Coffeenomics, social responsibility, and CAN coffee (a review)

Classical economic theory proposes that the sole purpose of a business is to enrich the shareholders of a company. The profits it generates will eventually circulate into the wider economy and improve the material well-being of everyone in the society (the idea that a “rising tide lifts all boats”). The conclusion of this is that focusing on anything other than profits would hurt the value of the company and therefore society.

The theory is controversial, to say the least. In the short term, its implementation ignores many externalities (pollution, labor market instability, etc.) that are detrimental to society as a whole. Another weakness of the theory is that it relies on the belief that money (and what it buys) is the equivalent of satisfaction (utility). Notwithstanding, it is an idea that many people subscribe themselves to. They believe that profits are the only important thing in business, and any discussion of business’ effects on the environment or the rest of society are dismissed as leftist conspiracies to bring down capitalism.

While there are some leftists who do want to get rid of capitalism, there is a wide middle ground between the two viewpoints. More today than ever before, select business leaders realize that taking care of the environment and the people who work for them are important too. In Portland, for example, many coffee companies have taken up the mentality that they want to treat their employees and coffee growers fairly. Portland Roasting is a leader in this area, but is not the only one building stronger links between the coffee growers and coffee drinkers. If you stop in at Stumptown’s Annex, for example, you can learn about several of the growers  who raise coffee for the company. By raising the profile of the growers, roasters can differentiate the coffees more easily and sell them at higher prices.
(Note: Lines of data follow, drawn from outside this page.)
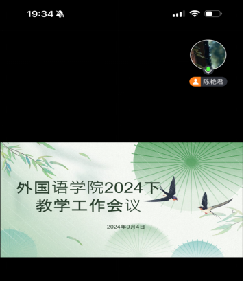 9月4日19:30,萝莉岛 通过腾讯会议召开期初教学工作会议,全面部署新学期各项工作,确保教学秩序井然、工作高效推进。副院长陈艳君,副院长王佳娣,系室主任,督导,教科办老师参会,会议由陈艳君主持。
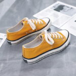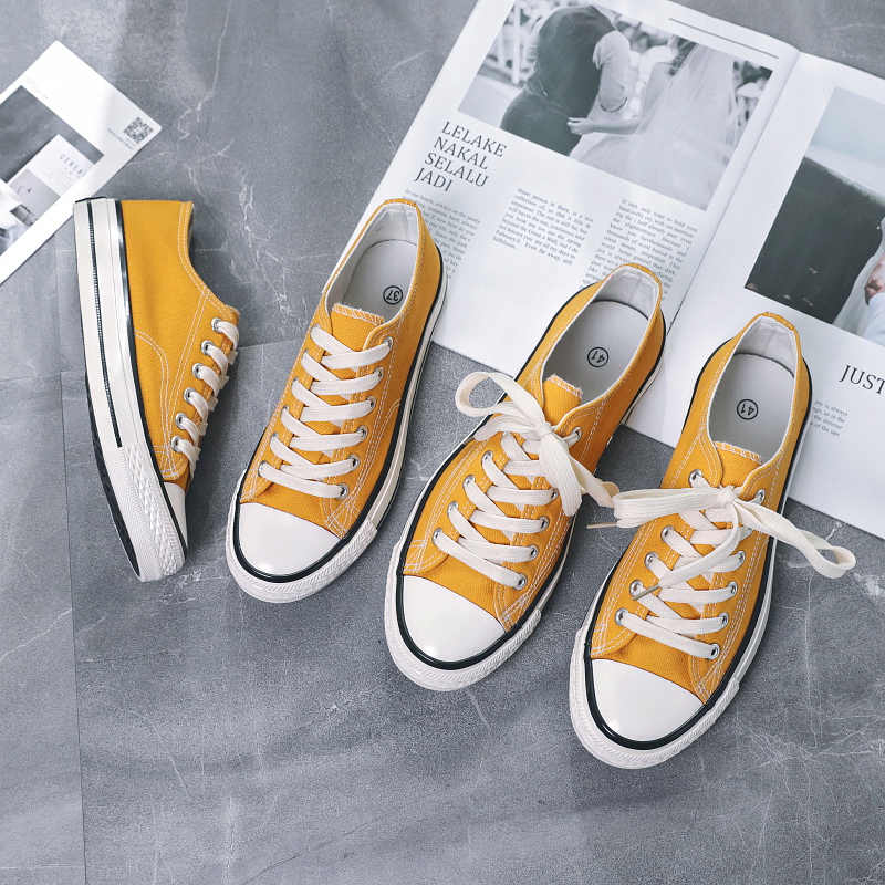 These classic yellow canvas shoes are made of high-quality canvas material, providing a soft, comfortable, and highly breathable experience, ideal for long hours of wear. The simple and elegant design combined with a durable rubber sole offers reliable anti-slip protection for your daily activities. Whether for casual streetwear, campus life, or outdoor adventures, these versatile canvas shoes can easily match any style, adding a touch of fashion to your look. The delicate stitching details on the upper and sole showcase exceptional craftsmanship, allowing you to express your unique style effortlessly in any setting.
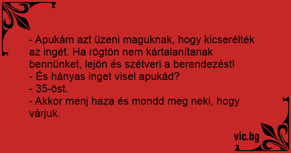 - Apukám azt üzeni maguknak, hogy kicserélték az ingét. Ha rögtön nem kártalanítanak bennünket, lejön és szétveri a berendezést!
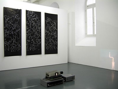 MONIKA VON AARBURG Distraction 2006. Tipp-Ex auf Glanzpapier, 3-telig, je 180 x 70 cm. GABRIELA GERBER & LUKAS BARDILL Eskimo, 2006. Video- und Lichtbildprojektion, Loop 3 Min. 20 Sek. Masse variabel. Auflage: 3 Exemplare, Preis ohne Geräte.
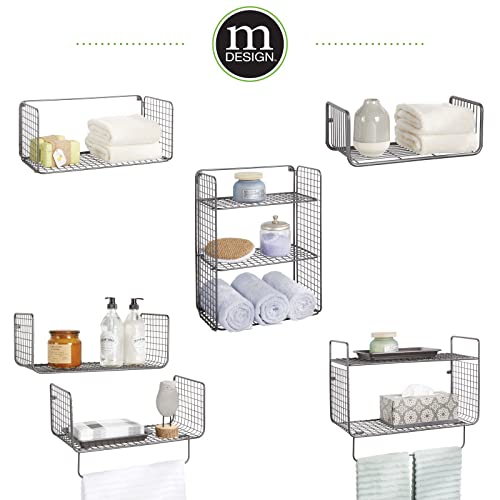 MDesign Cesto portaoggetti da bagno richiudibile con 3 ripiani - Pratico scaffale da parete con griglia di metallo - Cestino da parete per asciugamani, flaconi e accessori da bagno - grigio
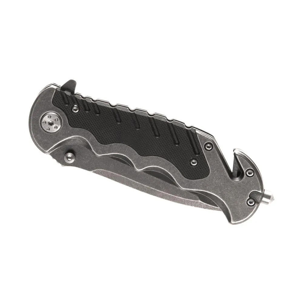 The handle is equipped with a glass breaker, a strap cutter, and a lanyard hole for a safety rope.
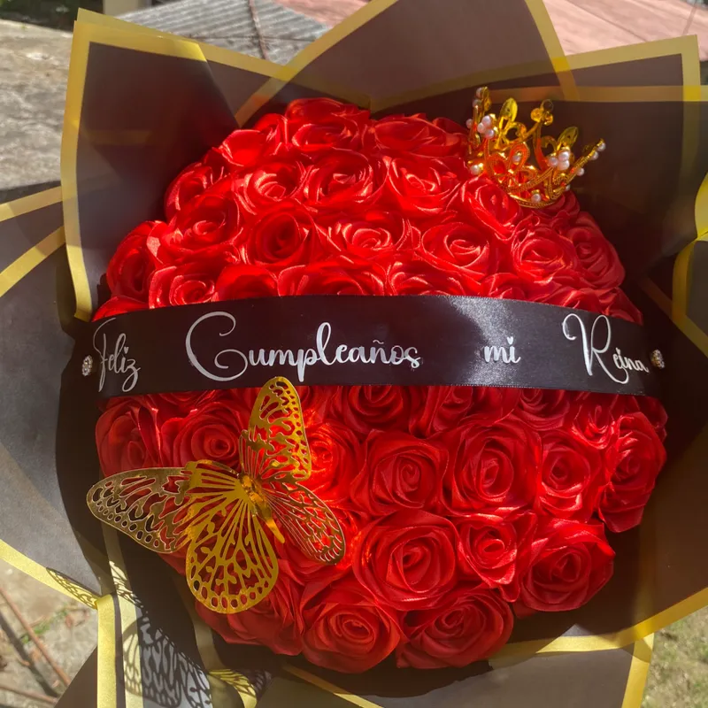 Son 50 rosas al color o colores que usted escoja y traería 2 mariposas y una corona envueltas en papel coreano
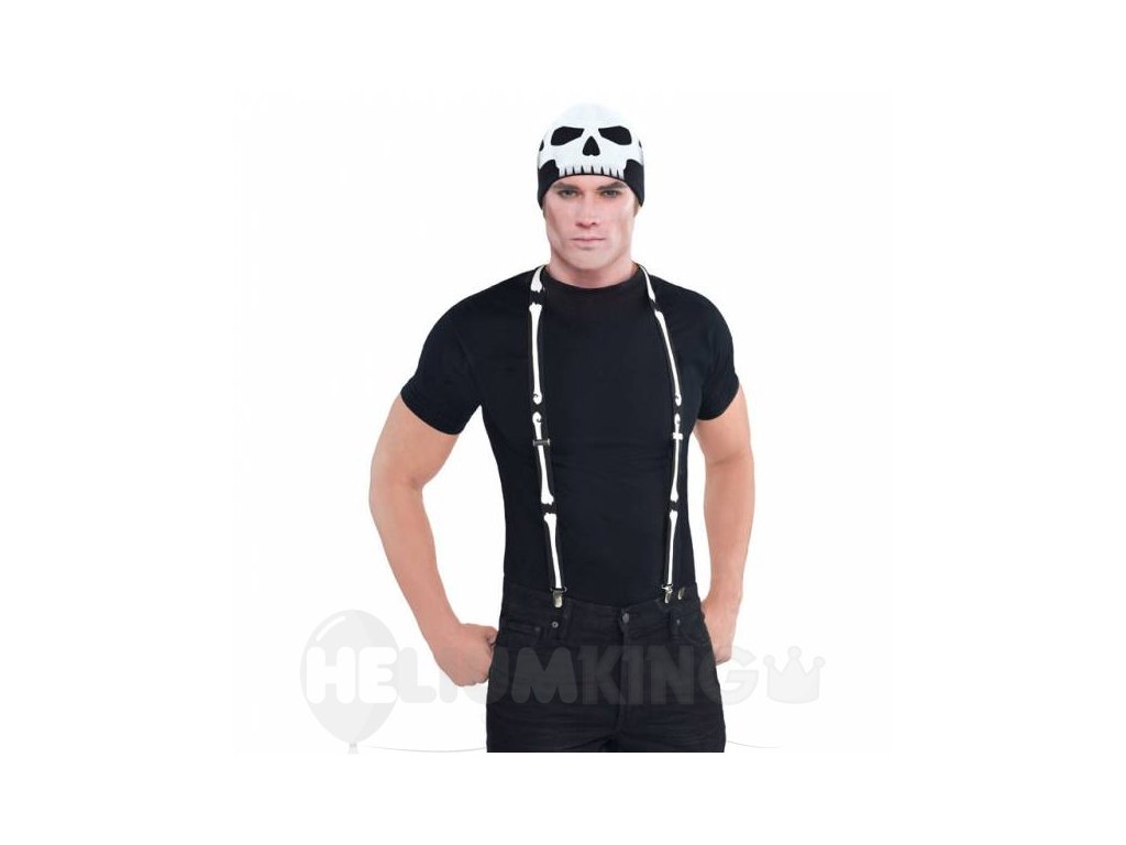 Váš karnevalový či Halloweensky kostým môže pôsobiť dôveryhodnejšie aj vďaka rôznym doplnkom, ako sú tieto čierne traky s dekoráciou kostí. Tento doplnok sa hodí ku karnevalovým kostýmom. Samozrejme to nechávame na Vašej predstavivosti.
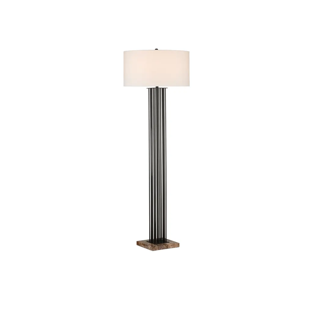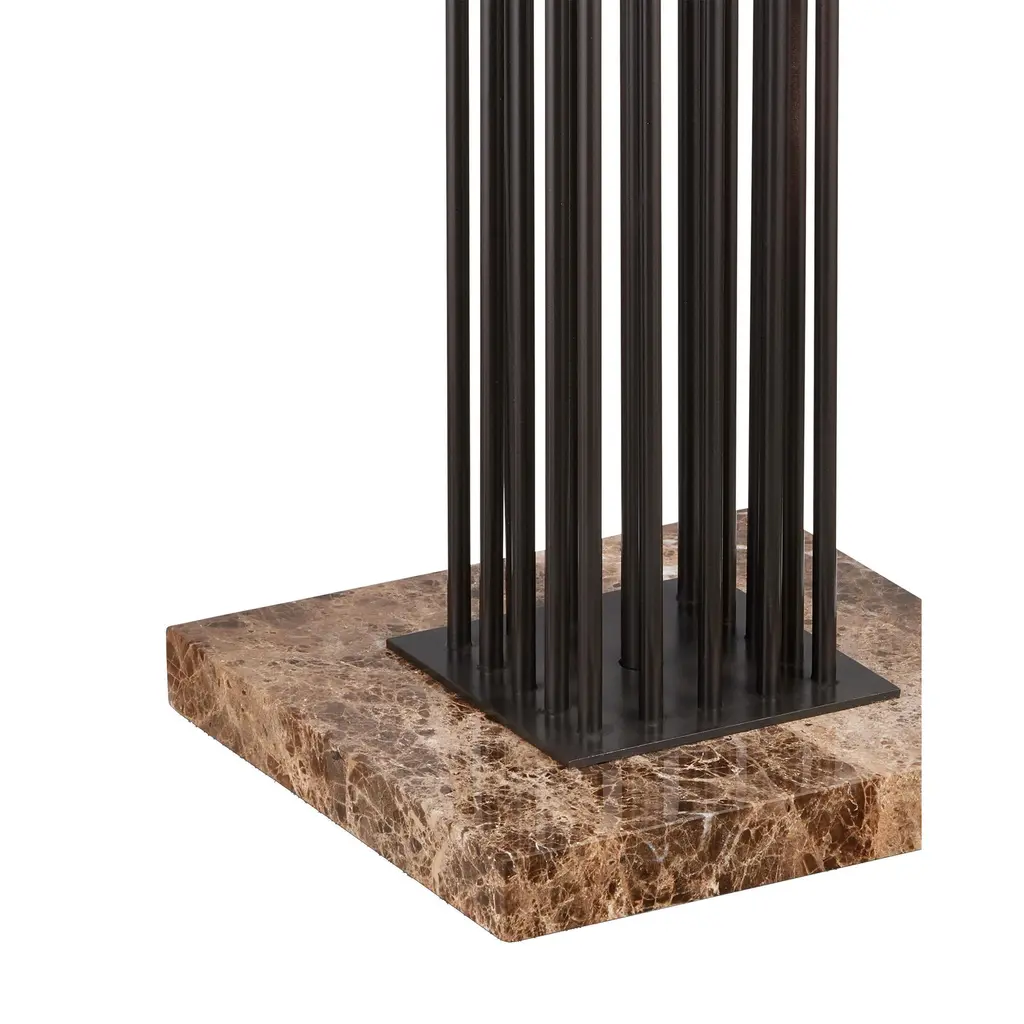 The style of the Prose Floor Lamp is described as "dressed-up industrial." The arrangement of the thin ribs of metal seems to change when the black floor lamp is seen from different angles. The metal on the contemporary lamp is in a bronze finish, and the base is made of coffee brown marble that has tremendous veining for a contrast to the sleeker elements. The Prose is topped with an off-white linen shade.
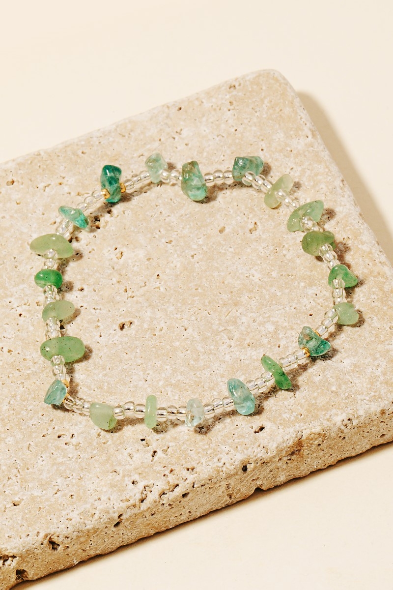 Chip Stones And Metallic Beaded Bracelet Set
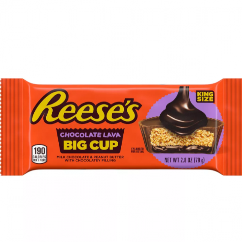 Chocolatey. Gooey. Goodness. This REESE’S Chocolate Lava Big Cup features the classic combo of rich peanut butter and creamy milk chocolate, now erupting with a decadent molten chocolatey layer that oozes with every bite.
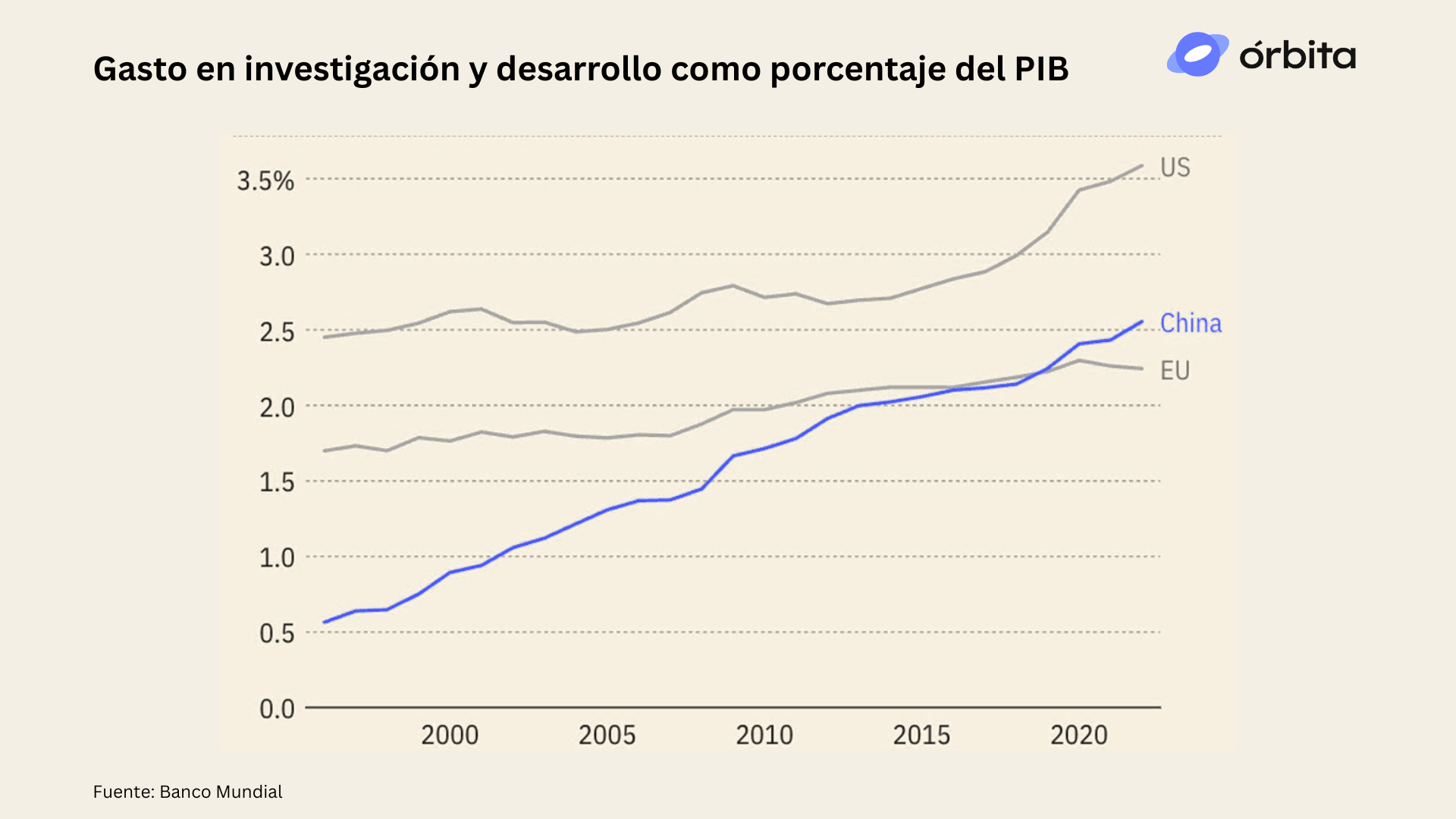 En los últimos 30 años, China cuadriplicó su inversión en investigación y desarrollo como porcentaje del PBI, mientras que la Unión Europea se mantuvo constante. En el contexto de un crecimiento “a tasas chinas”, esto significa un aumento exponencial de la investigación en ciencia y tecnología. Estados Unidos ahora gasta cerca del 3.5% de su PBI en investigación y desarrollo, aumentando 1% comparado con principios de los 2000.

Whereas Portland is the leader in producing more sustainable coffee, the city’s coffee companies do not hold a monopoly on trying to make the world a better place. Smaller roasters in Seattle, San Francisco, Chicago, Kansas City, Durham and other cities across the country are building a movement that is benefiting coffee drinkers and coffee farmers.

CAN Coffee

One participant in this movement is an organization known as the Community Agroecology Network (CAN), based in Santa Cruz, California. In 2001, CAN was founded by Dr. Stephen Gliessman, a researcher in environmental studies at UC Santa Cruz, and Robbie Jaffie, also a lecturer in environmental studies at UC Santa Cruz. CAN comprises a network of coffee cooperatives that includes communities in four coffee-producing countries—Mexico, Costa Rica, El Salvador and Nicaragua—as well as resources from UC Santa Cruz. The coffee is grown and processed outside the US by the cooperatives then sent to the United States. Santa Cruz Coffee Roasting Company roasts the coffee once it arrives and CAN sells it under the AgroEco label.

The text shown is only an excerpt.